ミーシャは私の手を放すと、腰のバッグを外して机の上に置く。
バッグに手を入れて、中から何かの草を取り出していく。
あの草、もしかして薬草かな。
植物としての直感がそう告げている。
へー、全然気づかなかったけど、薬草なんてのも生えてたんだ。
薬草に気を取られている間に、机の上には薬草が積み上がっていた。
……ん?
んん?
ちょっ、ちょっと待って?
なんかおかしくない!?
バッグと積み上がった薬草を見比べる。
どう頑張っても入らないよね?
バッグの中身がなくなったのか、私を振り返るミーシャ。
私はバッグと山を交互に指差して、首を傾げてみる。
「このバッグがどうかしたの? 小さいけど、アイテムバッグだよ?」
ミーシャは当たり前のようにさらりと言う。
いや、そのアイテムバッグって一体何よ?
そういえば、村長も槍男にアイテムバッグを集めておくように言ってたな。
もしかしたら、この世界では当たり前のことなの?
この謎現象から推測するに、どうやらあのバッグは、某ロボットの四次元ポケットのようなものなんだろう。

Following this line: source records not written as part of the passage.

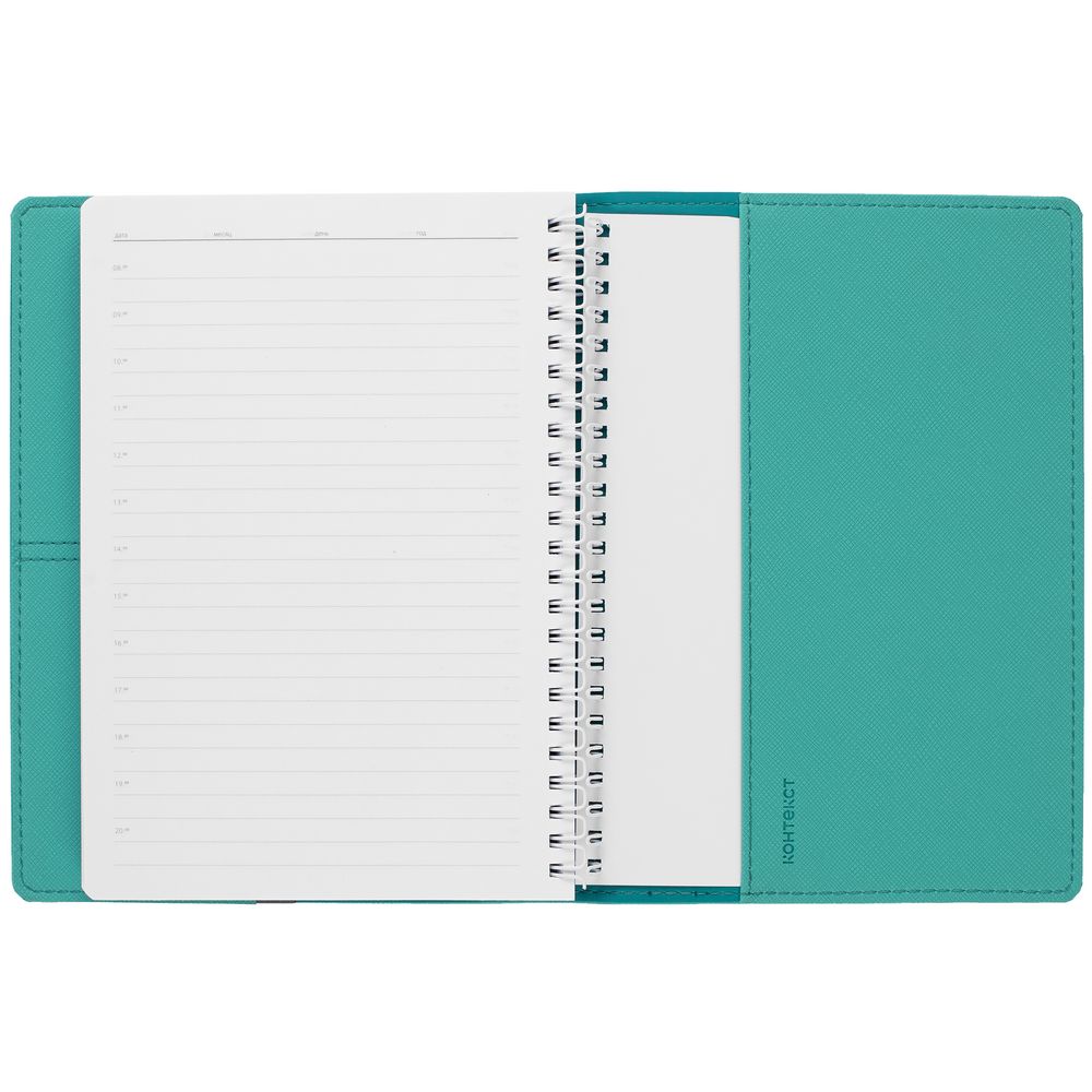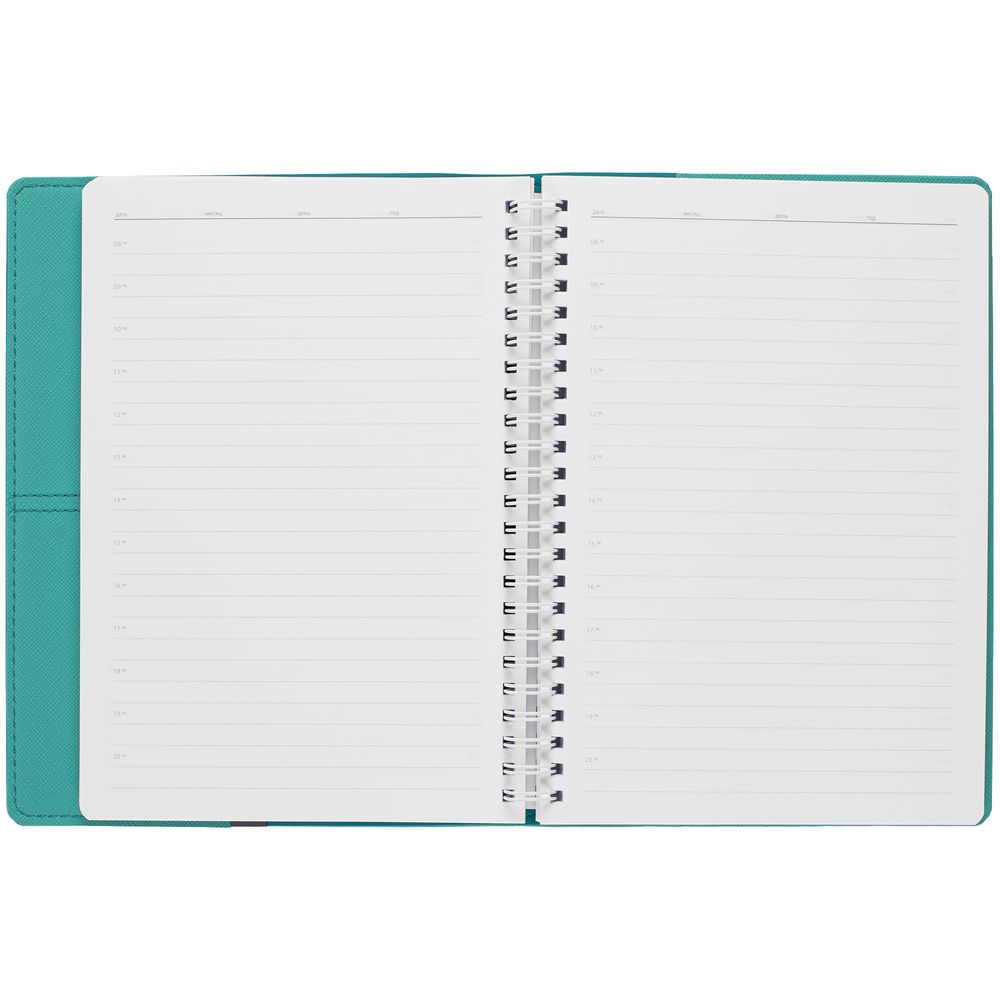 Ежедневник с блоком на пружине в твердой обложке, выполнен из материалов Nice Touch, цвет морской волны и Soft Touch Pearl серый.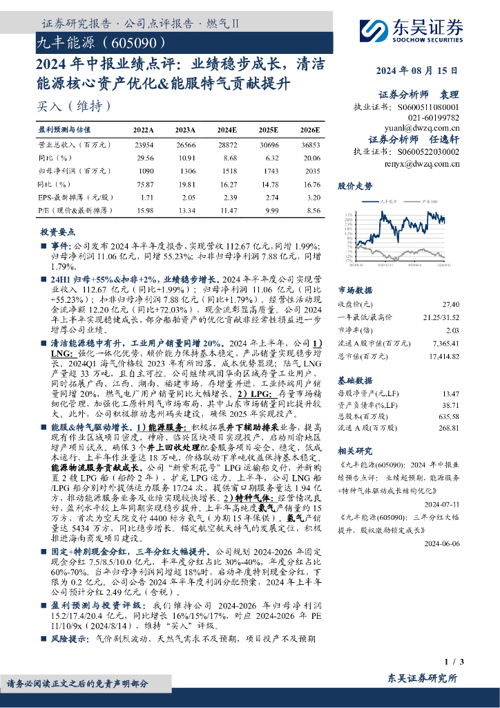 东吴证券:九丰能源(605090)-2024年中报业绩点评:业绩稳步成长,清洁能源核心资产优化&能服特气贡献提升.pdf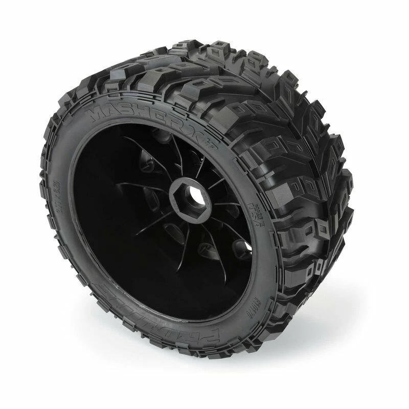 This is a pair of pre-mounted Masher X HP tires for X-MAXX® and KRATONâ„¢ 8S. Pro-Line is ready to unleash the long-awaited lightweight, belted tire solution for X-MAXX® and KRATONâ„¢ 8S owners with the highest performance tire and wheel combo ever conceived: The Masher X HP tires mounted on Raid 5.7″ Wheels! Pro-Line Masher tires are known for being the standard when it comes to chevron Monster Truck style tread and Pro-Line took it to the eXtreme on the Masher X by adding futuristic tread and sidewall detail that will make your truck look incredible and perform amazingly everywhere you go. The all-new Masher X HP tires go one step further by being BELTED to handle extreme power and high speeds with ease. No tire ballooning here! These tires and Raid 5.7″ wheels have been developed from the ground up to be lightweight and durable enough to handle extreme X-MAXX® and KRATONâ„¢ 8S punishment to give you the best all-around bashing experience possible.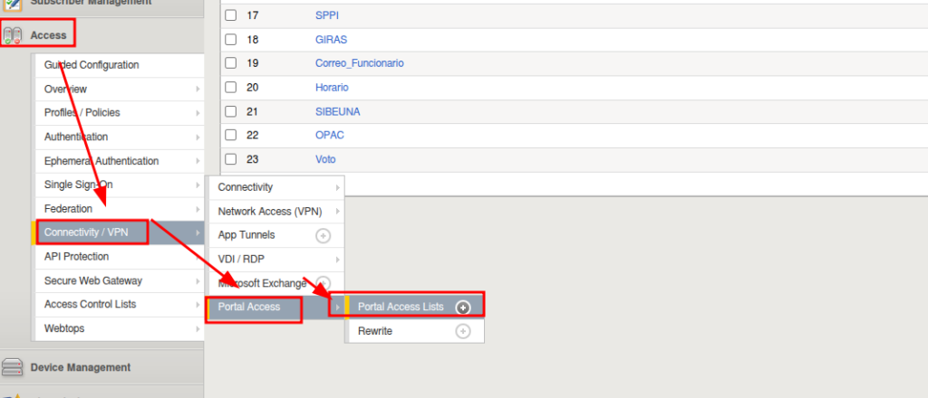 - Seleccionamos el Portal Access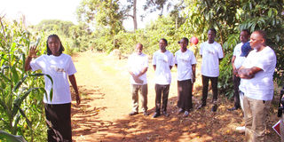 Director of Corporate Relations at Serengeti Breweries Limited, John Wanyancha (right), listens to a beneficiary of the Kilimo Viwanda Programme (left) during a farm visit at Kilacha Wazazi College in Moshi. PHOTO | COURTESY

ただ、ミーシャは「小さいけど」と言っていたし、村長も「大きめの」と言っていた気がする。
つまり、バッグによって収納できる量が違うのだろう。
ポイズンバイパーの死骸を見て、バッグに入らないとか言ってた意味がようやく分かった。
――いやいや、ゲームかっ!
思わず心の中でツッコミを入れる。
「えっと、お花さん?」
ミーシャが不思議そうに私を見ている。
ごめんごめん、ちょっと取り乱しただけだよ。
安心させるために頭に手を置く。
そのまましばらく綺麗な黒髪を堪能、ではなく、撫でる。
「んっ、お花さん、そろそろ行こ?」
あ、忘れてた。
外に村長待たせてるんだった。
引っ込めようとした右手をまたミーシャに取られる。
村長もいるし、もう手繋がなくても大丈夫じゃない?
「えへへ」
ミーシャが緩んだ表情を浮かべる。
まあ、嬉しそうだし、いいか。
この後、外に出たら、遅いと村長に叱られた。